The psychic manipulator stared down at him, smiled.

Not long after, Slowhand felt what was left of his bones begin to crack, and he began to scream.

 

 

CHAPTER SIX

 

K
ALI REACHED
G
RANSK
lying on her stomach sandwiched between slices of creev. The thick, blubbery material used to line the hulls of ships for buoyancy did not feel very buoyant, pressing down on her and holding her immobile like the blankets of a tightly made bed. It was damp, hot and stifling between them, and the creev stank so badly she was constantly on the verge of throwing up. It was an urge she’d quelled by snatching swift lungfuls of air through a raised flap of the stuff whenever it had been safe to do so.

She was denied that luxury now. Her last glimpse of the outside world had been of the cart which carried the creev itself becoming sandwiched between Final Faith wagons, part of a convoy which was forming to snake down the cliff road into Gransk. Just before she’d closed the flap, she’d studied the wagons pulling into line behind her, wondering what the large, cigar-shaped, canvas covered objects they carried were. The only thing she did know was that they were not the only wagons out there. Far from it.
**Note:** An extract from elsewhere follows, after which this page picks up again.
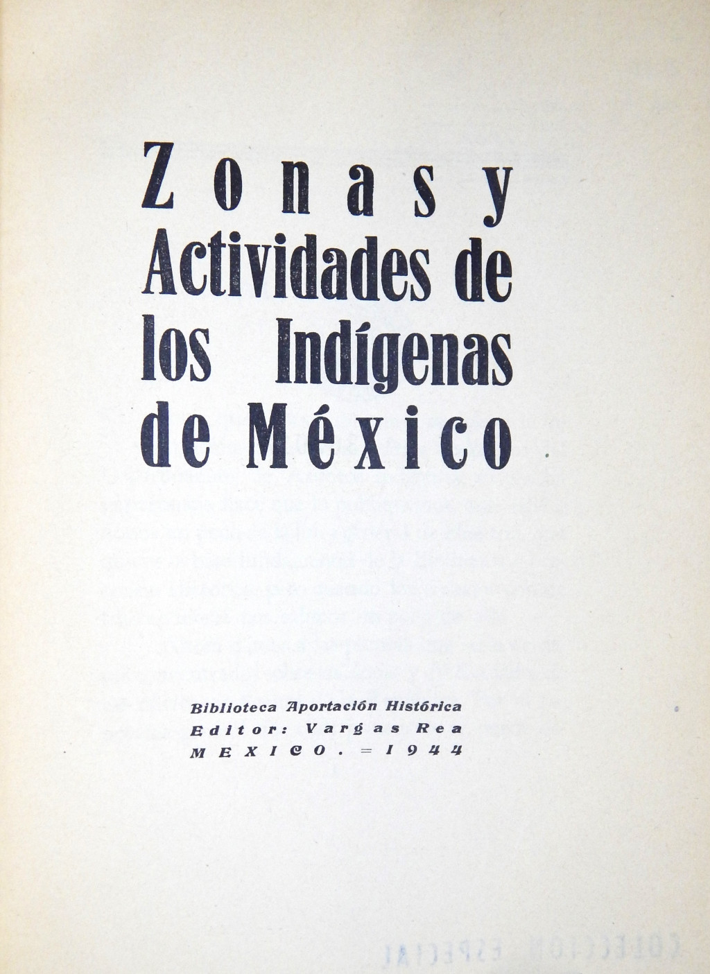 Zonas y actividades de los indígenas de México MX-SC-DGB-BM-RV-22845 Descargar Registro catalográfico Orden26393No. de registro22845Clave de obraMX-SC-DGB-BM-RV-22845No. de clasificación338.0972No. de autorZ66TítuloZonas y actividades de los indígenas de MéxicoCiudad, paísMéxicoLugar asociadoMéxicoEditorialVargas ReaAño de publicación1944Siglo de publicaciónSiglo XXDescripción física21 p.SerieBiblioteca Aportación HistóricaMaterias generalesIndios de México | Indios de México -- IndustriaCoautor corporativoMéxico. Departamento de Asuntos IndígenasColecciónColección Roberto Valles Área de notas Notas generalesParticularidades: Texto a dos columnas. De esta edición se imprimieron 100 ejemplares numerados [no.] 58Nota de contenidoLa Biblioteca posee tres ejemplares

Whatever kind of ship Jakub Freel was building here, he seemed to be throwing at it every resource the Final Faith had.

Kali felt the cart dip beneath her, beginning its descent into the town, and she pictured the scene outside her hiding place.

Once a small and tranquil fishing community, Gransk had grown into something quite different since the Filth had adopted it as the location for their shipyards. Adding both docks and dry docks for the construction of their coastal clippers and patrol boats, most of the original fisherfolk had over the years been driven away, replaced by a coarser breed of peninsulan labourer who’d stamped their own identity on the town. She’d visited the place on a couple of occasions before now, and while the Filth had found it necessary to garrison a few Swords of Dawn to ensure that the work they commissioned was actually carried out, they had for the most part left the inhabitants to run the town for themselves. Now, though, it seemed to be a different story. From the number of delays, shouts and barked orders Kali heard from beyond the slices of creev, security had been upped considerably. It didn’t take much to figure out by whom, or why.